Required action. The exercise calls for the lines from the one containing "or guy's birthday." to the end of the data below to be output exactly, pictures excluded.

Data for this task.

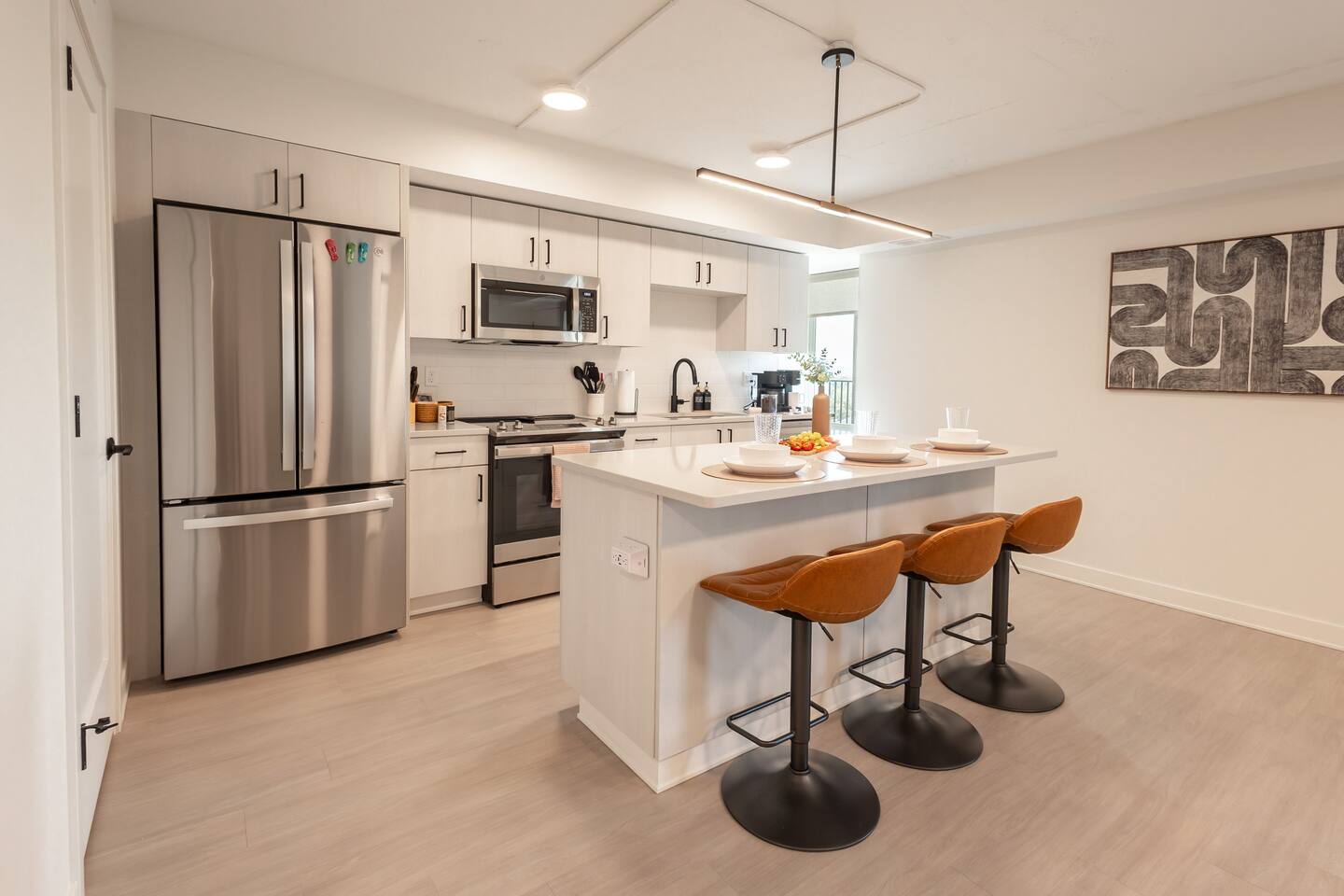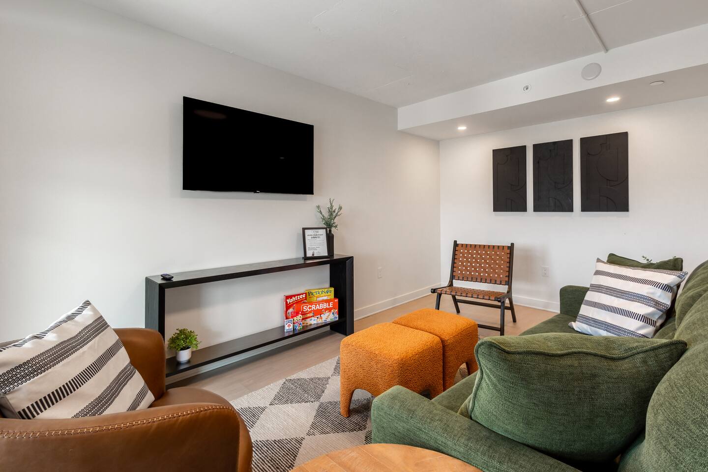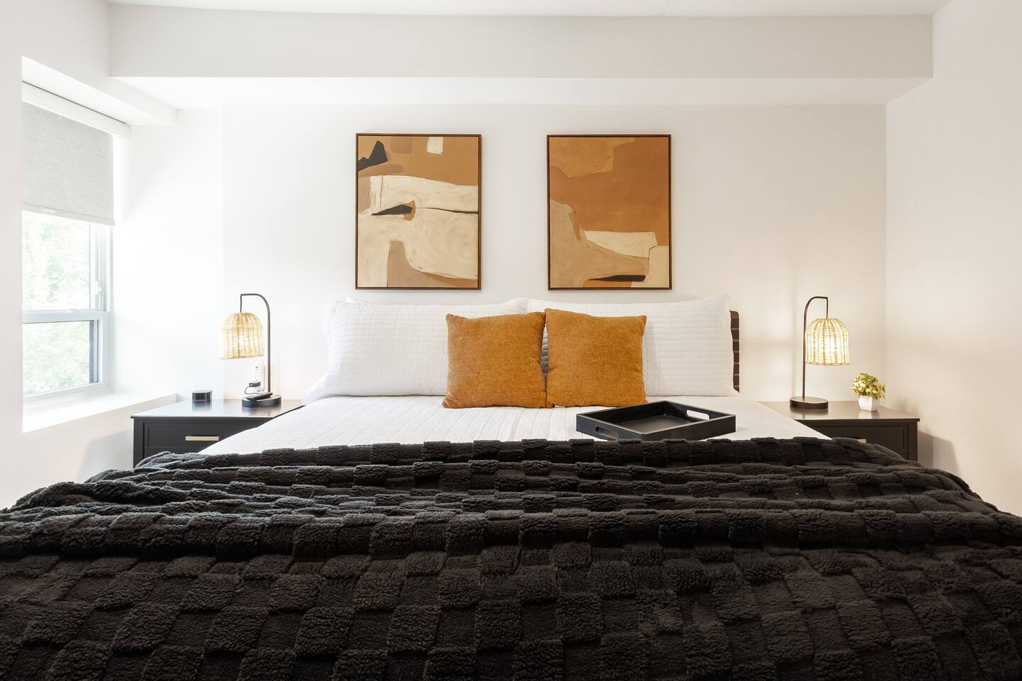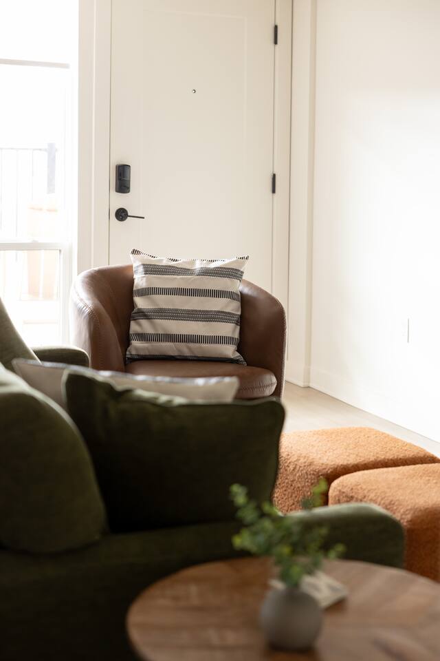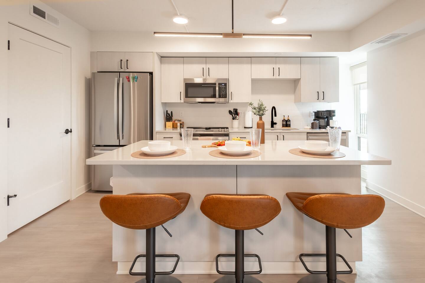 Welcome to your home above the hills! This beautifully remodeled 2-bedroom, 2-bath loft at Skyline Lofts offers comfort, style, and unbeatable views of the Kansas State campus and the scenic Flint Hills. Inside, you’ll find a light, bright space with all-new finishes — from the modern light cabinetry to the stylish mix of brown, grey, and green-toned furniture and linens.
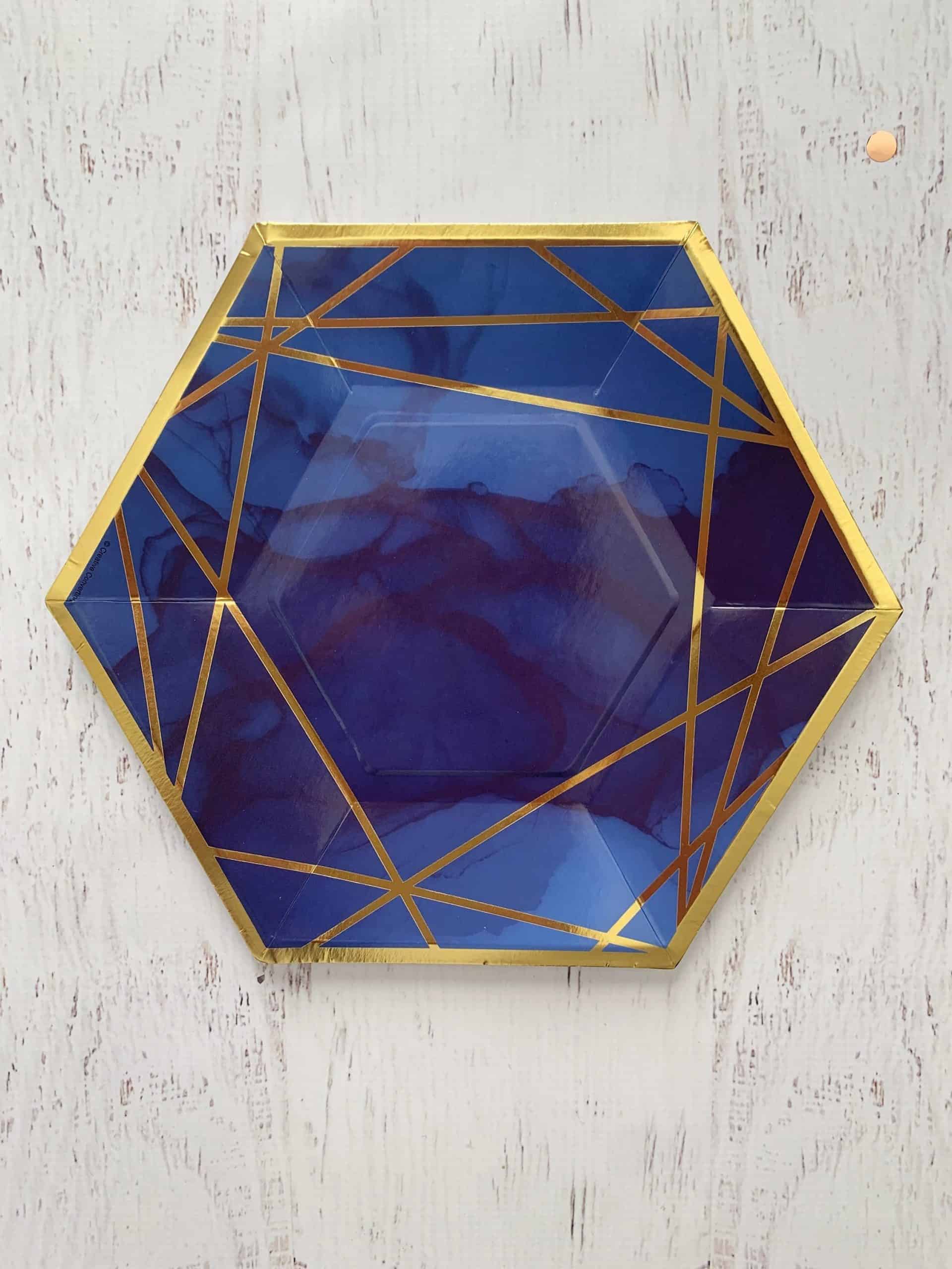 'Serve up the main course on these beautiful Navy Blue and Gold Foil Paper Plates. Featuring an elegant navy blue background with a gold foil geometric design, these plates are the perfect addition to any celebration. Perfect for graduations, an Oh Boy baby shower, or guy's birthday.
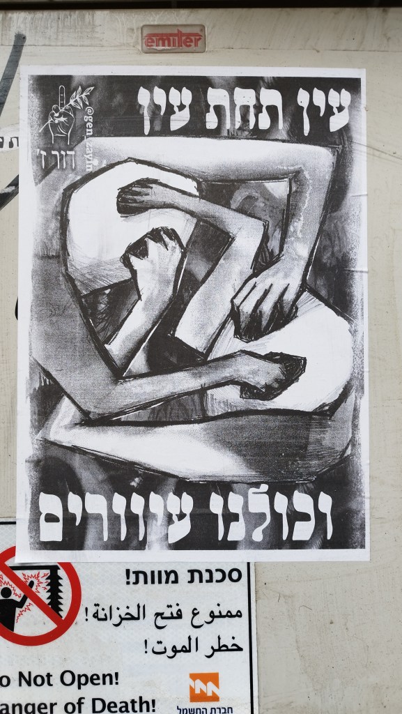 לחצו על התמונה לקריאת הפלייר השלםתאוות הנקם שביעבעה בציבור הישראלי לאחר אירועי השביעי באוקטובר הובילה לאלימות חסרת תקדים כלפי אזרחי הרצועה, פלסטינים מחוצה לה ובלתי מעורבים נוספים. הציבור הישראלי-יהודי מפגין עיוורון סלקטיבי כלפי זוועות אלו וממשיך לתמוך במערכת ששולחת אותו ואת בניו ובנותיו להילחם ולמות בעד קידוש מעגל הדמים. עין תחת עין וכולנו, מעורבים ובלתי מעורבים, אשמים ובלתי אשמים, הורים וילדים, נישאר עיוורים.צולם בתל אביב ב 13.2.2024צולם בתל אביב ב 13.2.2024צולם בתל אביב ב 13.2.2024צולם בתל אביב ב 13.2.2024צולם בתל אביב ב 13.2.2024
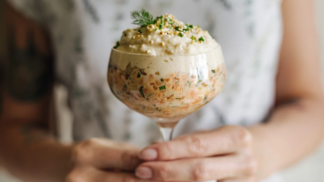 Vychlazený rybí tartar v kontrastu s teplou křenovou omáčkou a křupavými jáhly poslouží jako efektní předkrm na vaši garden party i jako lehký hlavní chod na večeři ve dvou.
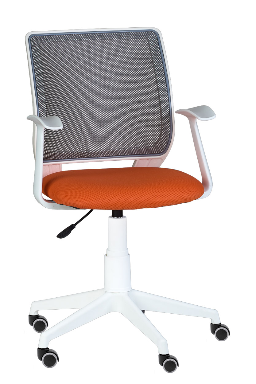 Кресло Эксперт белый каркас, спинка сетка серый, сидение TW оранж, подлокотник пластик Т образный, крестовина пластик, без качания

Exercise response.
 'Serve up the main course on these beautiful Navy Blue and Gold Foil Paper Plates. Featuring an elegant navy blue background with a gold foil geometric design, these plates are the perfect addition to any celebration. Perfect for graduations, an Oh Boy baby shower, or guy's birthday.
 לחצו על התמונה לקריאת הפלייר השלםתאוות הנקם שביעבעה בציבור הישראלי לאחר אירועי השביעי באוקטובר הובילה לאלימות חסרת תקדים כלפי אזרחי הרצועה, פלסטינים מחוצה לה ובלתי מעורבים נוספים. הציבור הישראלי-יהודי מפגין עיוורון סלקטיבי כלפי זוועות אלו וממשיך לתמוך במערכת ששולחת אותו ואת בניו ובנותיו להילחם ולמות בעד קידוש מעגל הדמים. עין תחת עין וכולנו, מעורבים ובלתי מעורבים, אשמים ובלתי אשמים, הורים וילדים, נישאר עיוורים.צולם בתל אביב ב 13.2.2024צולם בתל אביב ב 13.2.2024צולם בתל אביב ב 13.2.2024צולם בתל אביב ב 13.2.2024צולם בתל אביב ב 13.2.2024
 Vychlazený rybí tartar v kontrastu s teplou křenovou omáčkou a křupavými jáhly poslouží jako efektní předkrm na vaši garden party i jako lehký hlavní chod na večeři ve dvou.
 Кресло Эксперт белый каркас, спинка сетка серый, сидение TW оранж, подлокотник пластик Т образный, крестовина пластик, без качания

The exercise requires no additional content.